(RECORDS TO PROCESS Opens)
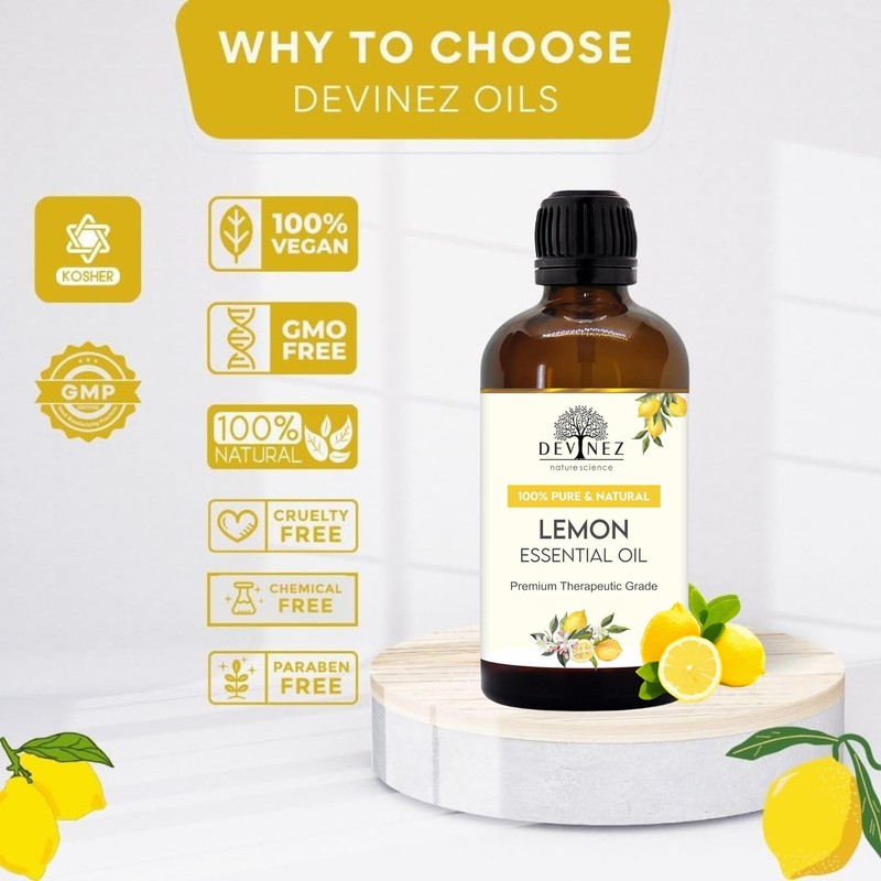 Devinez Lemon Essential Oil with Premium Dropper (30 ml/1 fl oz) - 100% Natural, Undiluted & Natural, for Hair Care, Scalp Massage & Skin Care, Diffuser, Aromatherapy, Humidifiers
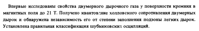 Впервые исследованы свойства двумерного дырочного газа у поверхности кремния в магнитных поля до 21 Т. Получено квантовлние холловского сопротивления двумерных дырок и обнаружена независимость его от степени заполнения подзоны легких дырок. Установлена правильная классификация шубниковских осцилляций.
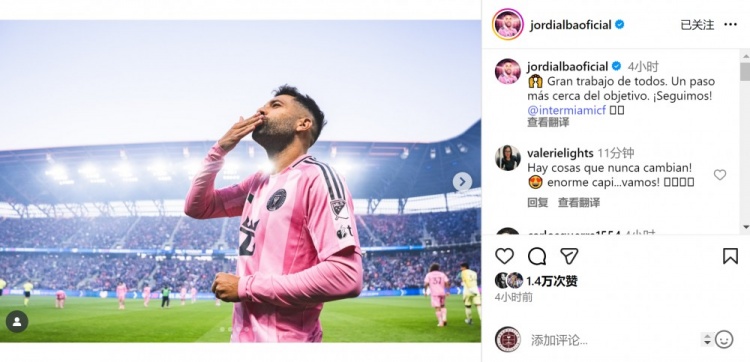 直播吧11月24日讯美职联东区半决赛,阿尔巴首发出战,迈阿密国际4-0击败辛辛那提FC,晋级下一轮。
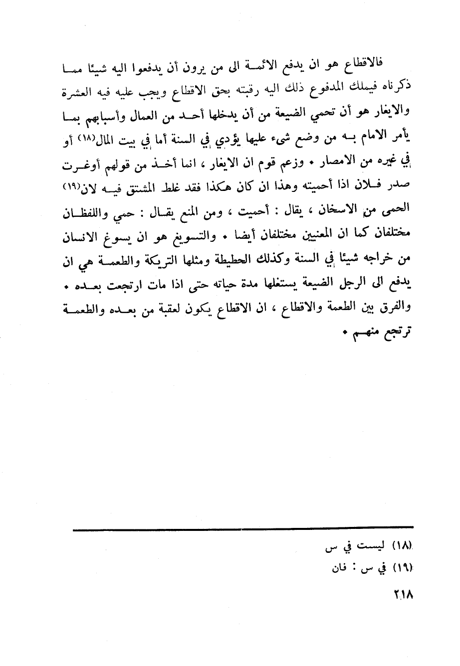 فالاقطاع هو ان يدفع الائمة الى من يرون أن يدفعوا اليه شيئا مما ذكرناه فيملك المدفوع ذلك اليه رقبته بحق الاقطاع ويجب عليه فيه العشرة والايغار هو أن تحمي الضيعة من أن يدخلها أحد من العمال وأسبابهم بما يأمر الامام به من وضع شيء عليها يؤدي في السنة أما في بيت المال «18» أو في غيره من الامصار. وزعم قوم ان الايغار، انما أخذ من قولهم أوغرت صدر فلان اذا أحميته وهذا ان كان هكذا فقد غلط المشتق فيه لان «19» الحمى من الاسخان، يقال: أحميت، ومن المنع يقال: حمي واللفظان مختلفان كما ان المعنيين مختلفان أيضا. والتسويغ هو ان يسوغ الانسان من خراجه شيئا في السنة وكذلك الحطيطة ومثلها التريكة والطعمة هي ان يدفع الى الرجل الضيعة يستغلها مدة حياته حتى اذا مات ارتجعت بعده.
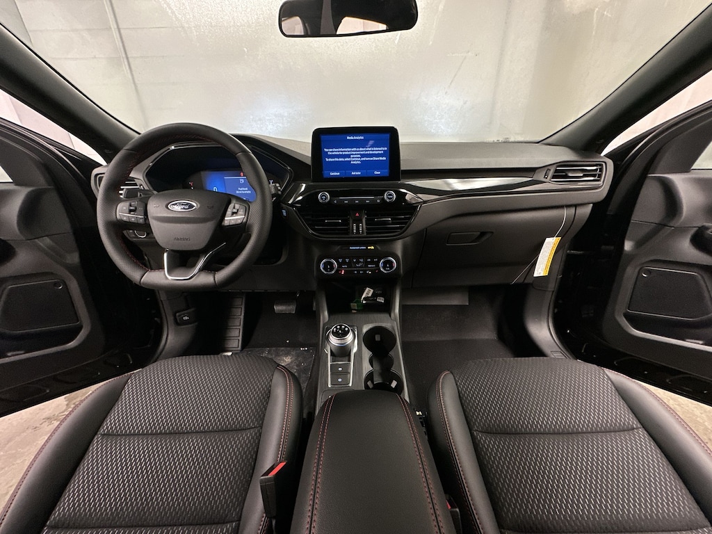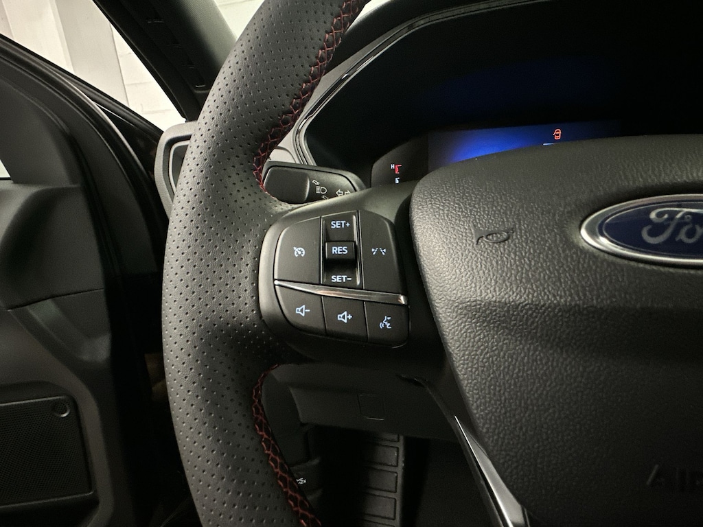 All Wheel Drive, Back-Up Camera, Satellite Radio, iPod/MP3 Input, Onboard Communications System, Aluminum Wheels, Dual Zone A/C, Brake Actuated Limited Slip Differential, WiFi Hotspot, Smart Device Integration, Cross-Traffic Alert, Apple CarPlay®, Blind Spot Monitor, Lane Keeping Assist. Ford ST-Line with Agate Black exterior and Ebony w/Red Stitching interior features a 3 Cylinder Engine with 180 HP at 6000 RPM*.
(RECORDS TO PROCESS Closes)
ASSIGNMENT> Copy out the data verbatim, excluding the pictures.

WRITTEN RESPONSE>
 Devinez Lemon Essential Oil with Premium Dropper (30 ml/1 fl oz) - 100% Natural, Undiluted & Natural, for Hair Care, Scalp Massage & Skin Care, Diffuser, Aromatherapy, Humidifiers
 Впервые исследованы свойства двумерного дырочного газа у поверхности кремния в магнитных поля до 21 Т. Получено квантовлние холловского сопротивления двумерных дырок и обнаружена независимость его от степени заполнения подзоны легких дырок. Установлена правильная классификация шубниковских осцилляций.
 直播吧11月24日讯美职联东区半决赛,阿尔巴首发出战,迈阿密国际4-0击败辛辛那提FC,晋级下一轮。
 فالاقطاع هو ان يدفع الائمة الى من يرون أن يدفعوا اليه شيئا مما ذكرناه فيملك المدفوع ذلك اليه رقبته بحق الاقطاع ويجب عليه فيه العشرة والايغار هو أن تحمي الضيعة من أن يدخلها أحد من العمال وأسبابهم بما يأمر الامام به من وضع شيء عليها يؤدي في السنة أما في بيت المال «18» أو في غيره من الامصار. وزعم قوم ان الايغار، انما أخذ من قولهم أوغرت صدر فلان اذا أحميته وهذا ان كان هكذا فقد غلط المشتق فيه لان «19» الحمى من الاسخان، يقال: أحميت، ومن المنع يقال: حمي واللفظان مختلفان كما ان المعنيين مختلفان أيضا. والتسويغ هو ان يسوغ الانسان من خراجه شيئا في السنة وكذلك الحطيطة ومثلها التريكة والطعمة هي ان يدفع الى الرجل الضيعة يستغلها مدة حياته حتى اذا مات ارتجعت بعده.
 All Wheel Drive, Back-Up Camera, Satellite Radio, iPod/MP3 Input, Onboard Communications System, Aluminum Wheels, Dual Zone A/C, Brake Actuated Limited Slip Differential, WiFi Hotspot, Smart Device Integration, Cross-Traffic Alert, Apple CarPlay®, Blind Spot Monitor, Lane Keeping Assist. Ford ST-Line with Agate Black exterior and Ebony w/Red Stitching interior features a 3 Cylinder Engine with 180 HP at 6000 RPM*.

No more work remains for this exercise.